[Collected data entries]

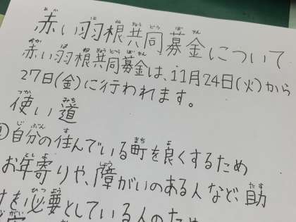 赤い羽根共同募金について 公開日 2015/11/20 更新日 2015/11/20 日々のページ 児童会から写真のようなプリント(赤い羽根共同募金について)が配布されました。来週の火曜日から行われるようです。よろしくお願いします! いいね(0)
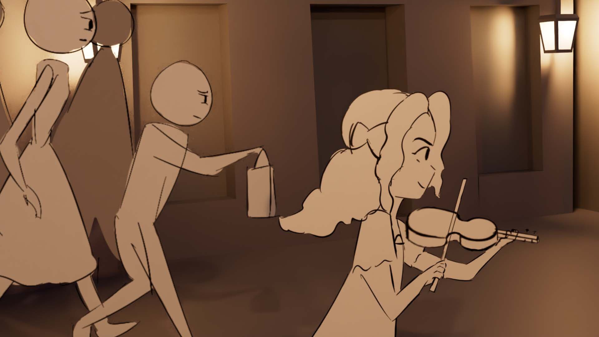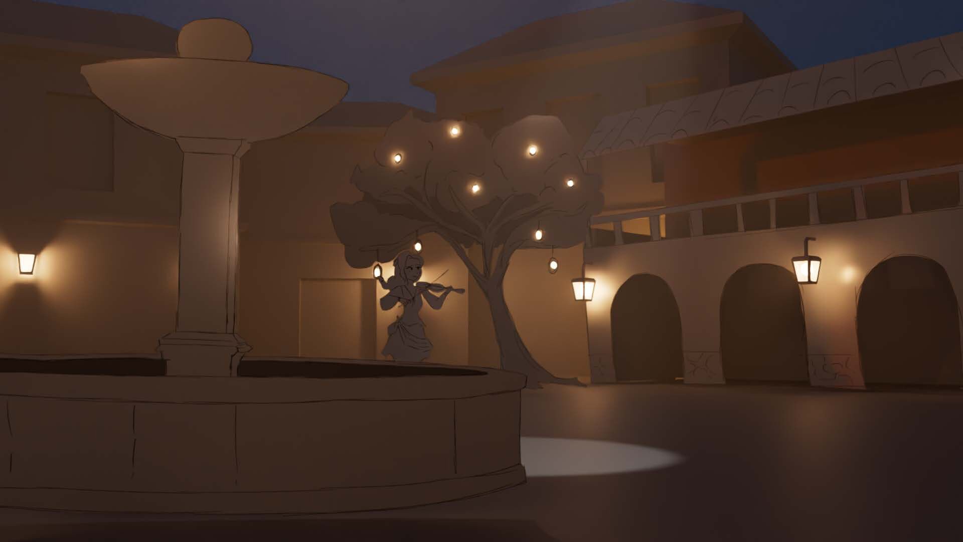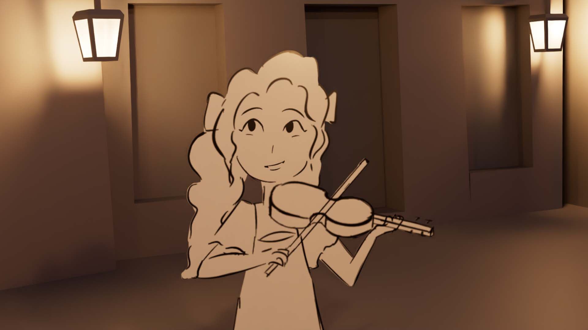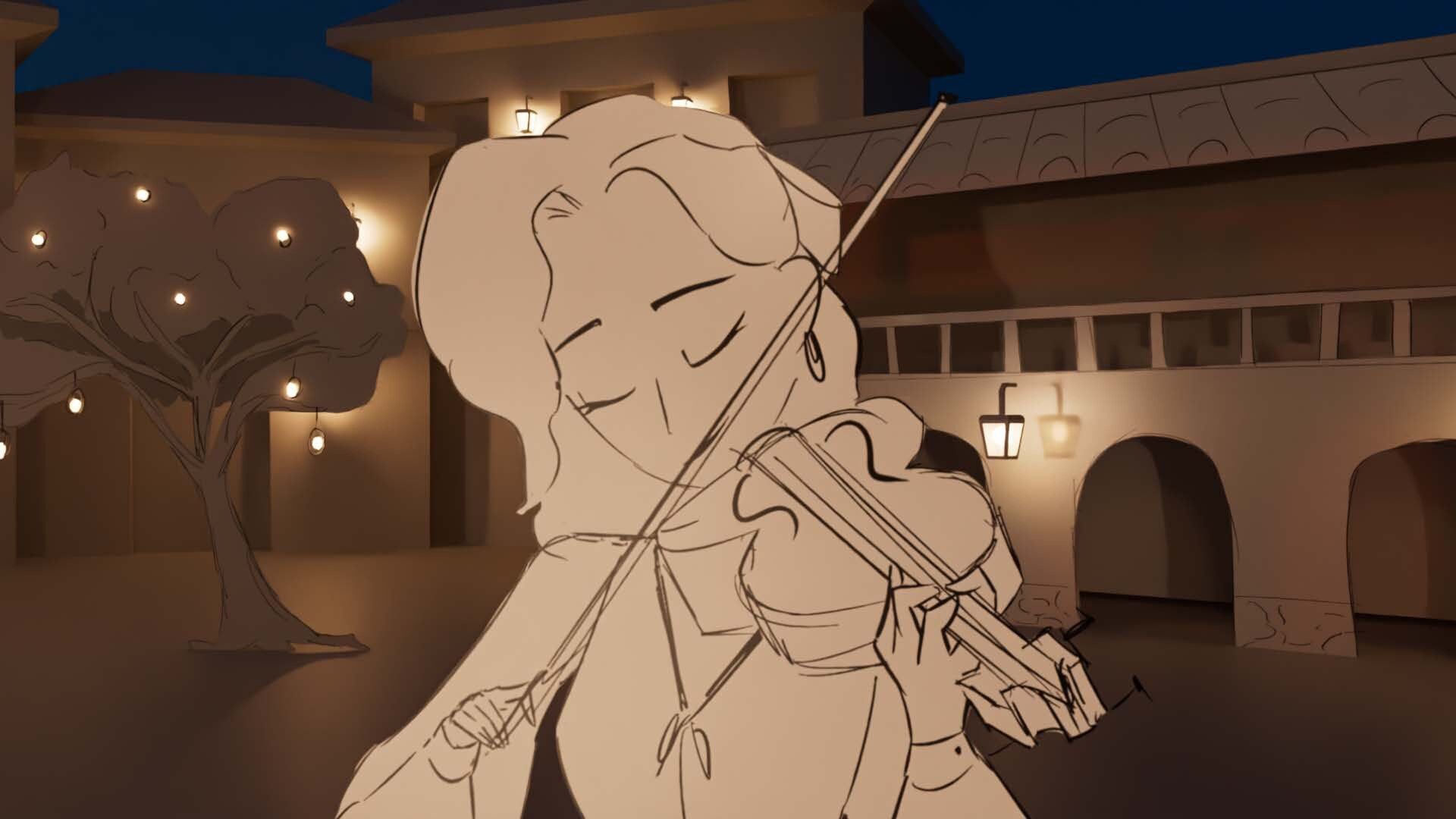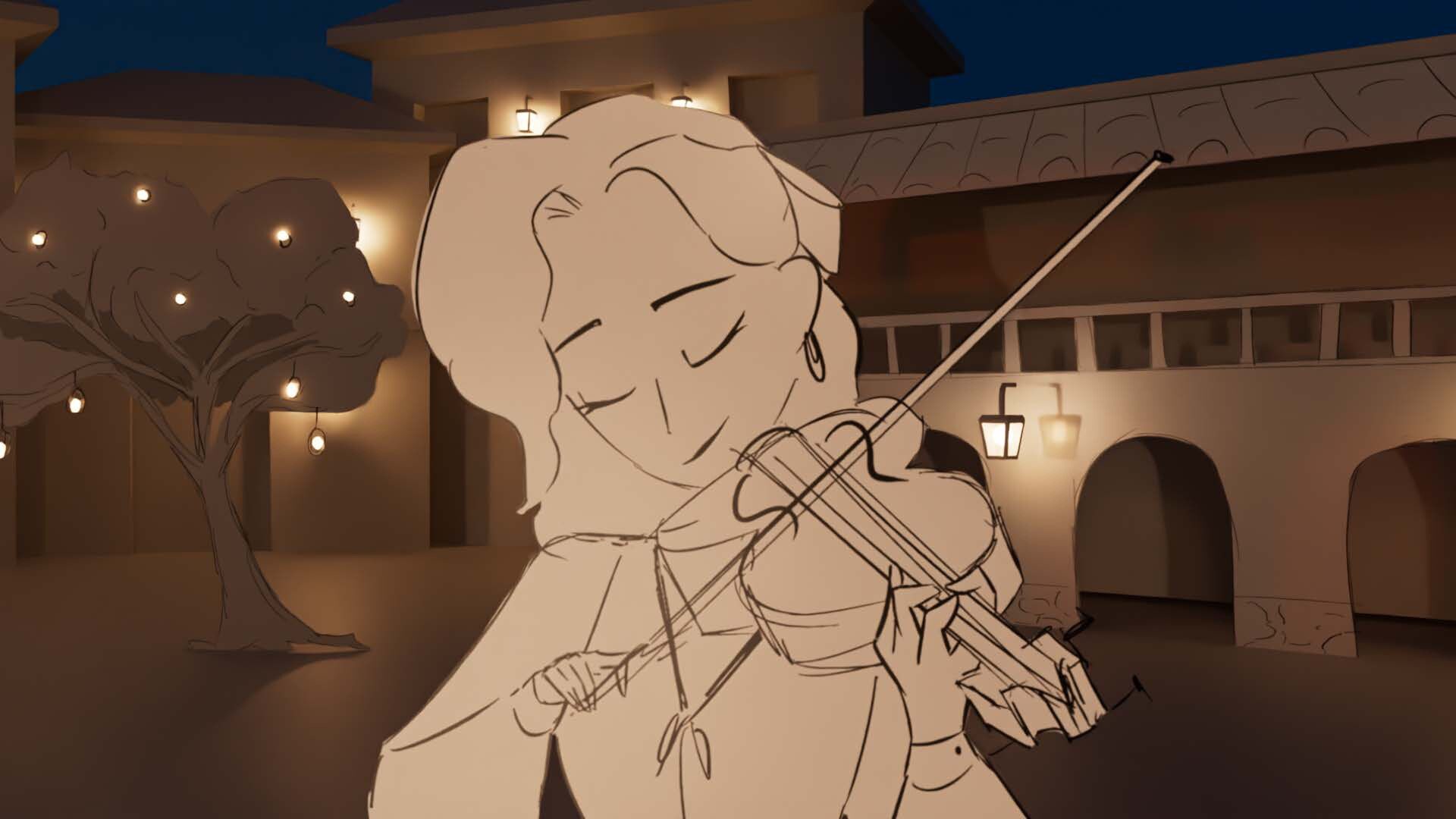 Elena, a musician, is abandoned by the spotlight in the middle of a concert, and is set to chase after it.
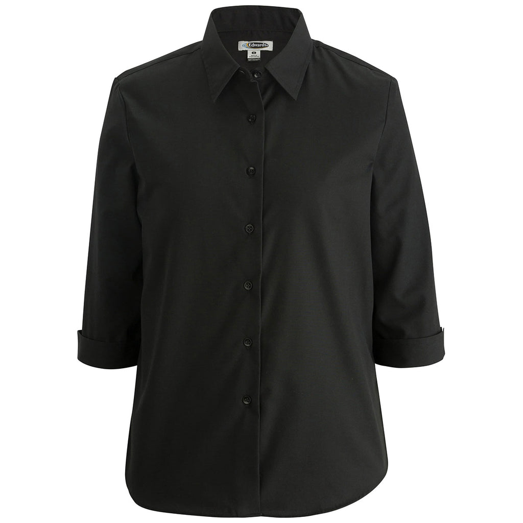 Up your uniform game with the embroidered Edwards Women's Black Essential Broadcloth Blouse. This lightweight polyester rich cotton blend has an improved fit that makes it ideal as employee apparel with a company logo. The performance broadcloth shirt is made for comfort with a point collar with permanent stays, 3/4 sleeve with adjustable cuff, and straight back yoke seam. Wrinkle resistant, this button up will keep you looking and feeling great whether serving customers or leading a meeting. Wear alone or pair with a jacket to create a custom look.
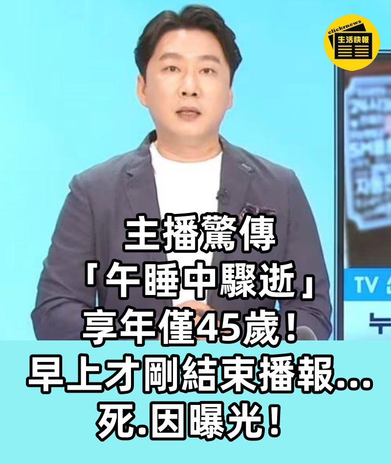 主播驚傳「午睡中驟逝」享年僅45歲! 早上才剛結束播報…死.因曝光
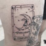Tetování karta s měsícem a nápisem na stehně

> YOUR GOAL
For each record above, write out its text exactly and skip any picture.

> SOLVED PROBLEM
 赤い羽根共同募金について 公開日 2015/11/20 更新日 2015/11/20 日々のページ 児童会から写真のようなプリント(赤い羽根共同募金について)が配布されました。来週の火曜日から行われるようです。よろしくお願いします! いいね(0)
 Elena, a musician, is abandoned by the spotlight in the middle of a concert, and is set to chase after it.
 Up your uniform game with the embroidered Edwards Women's Black Essential Broadcloth Blouse. This lightweight polyester rich cotton blend has an improved fit that makes it ideal as employee apparel with a company logo. The performance broadcloth shirt is made for comfort with a point collar with permanent stays, 3/4 sleeve with adjustable cuff, and straight back yoke seam. Wrinkle resistant, this button up will keep you looking and feeling great whether serving customers or leading a meeting. Wear alone or pair with a jacket to create a custom look.
 主播驚傳「午睡中驟逝」享年僅45歲! 早上才剛結束播報…死.因曝光
Tetování karta s měsícem a nápisem na stehně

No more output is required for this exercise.